A wrap up

Good God, have you ever had one of those weeks that just drains you completely of energy? Duh, I’m sure you have. I’ve had them at every job I’ve worked at (yes, even camp, where every day and week is not perfect, despite the idea you may have previously gotten from my camp ravings), in college both school and equestrian team related. So anyway, I had lots to blog about, but just haven’t had the energy.

We went to Chicago over the long weekend. We stayed with 717 member Marnie and hung out with her boyfriend Jannson. 717 member Samantha also came up. We really had a wonderful time, but I’ll go into that another time, because Samantha took some really great pictures that I want to share.

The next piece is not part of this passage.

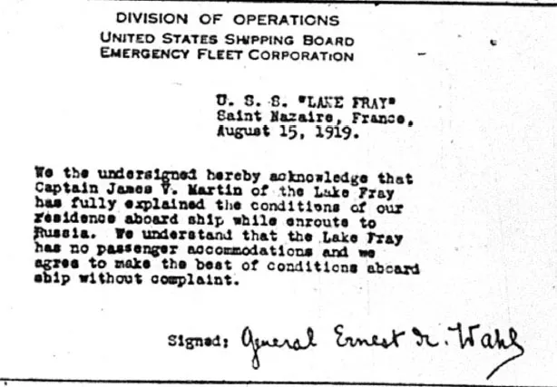 During his mission, Martin, by his own admission, says he had been forced to commit two serious offences. The first was to have consented to a request from Herbert Hoover and E.C Tobey of the A.R.A in London to ferry Imperial Russian General Major ‘Ernest von Wahl’ from Paris to Reval. Worrying that this was a violation of shipping board law, Martin says that he sought formal assurance from his superiors before accepting the passenger. Martin showed Senate and the Press a signed letter from Wahl acknowledging that he was accepting special passage.[65] Martin’s second offence was to have purchased planes and heavy artillery from Germany.

Wednesday night and Thursday marked the Jewish new year, Rosh Hashana. I’ve been kind of bad about going to services this year. My excuse is that they start at 6pm, which is a difficult time to make on a Friday evening. Really though, it’s a poor excuse. Especially when I do enjoy going so much. I love the familiarity of the prayers and melodies. My favorite has always been the shehecheyanu, which you say any time something happens for the first time in the year. It’s like a little celebration and thank you of the good things in life. (Baruch atah adonai eloheinu melech ha’olam shecheyanu v’kiy’manu v’higyanu lazman hazeh. Blessed are you, Adonai our God, ruler of the universe, who has given us life, sustained us, and enabled us to reach this season.) When I was in NFTY (that’s youth group), every Saturday night we had havdalah, the end of Shabbat service to bridge Shabbat and the coming week. We’d sit in a big circle, lights out, one person would have the glass of wine and the blue and white, braided havdalah candle, and one person would, of course, have a guitar. We’d sing, pray, and wrap our arms around each other and sway, and always end with the schehecheyanu. It was my favorite part of our regional or sub-regional events.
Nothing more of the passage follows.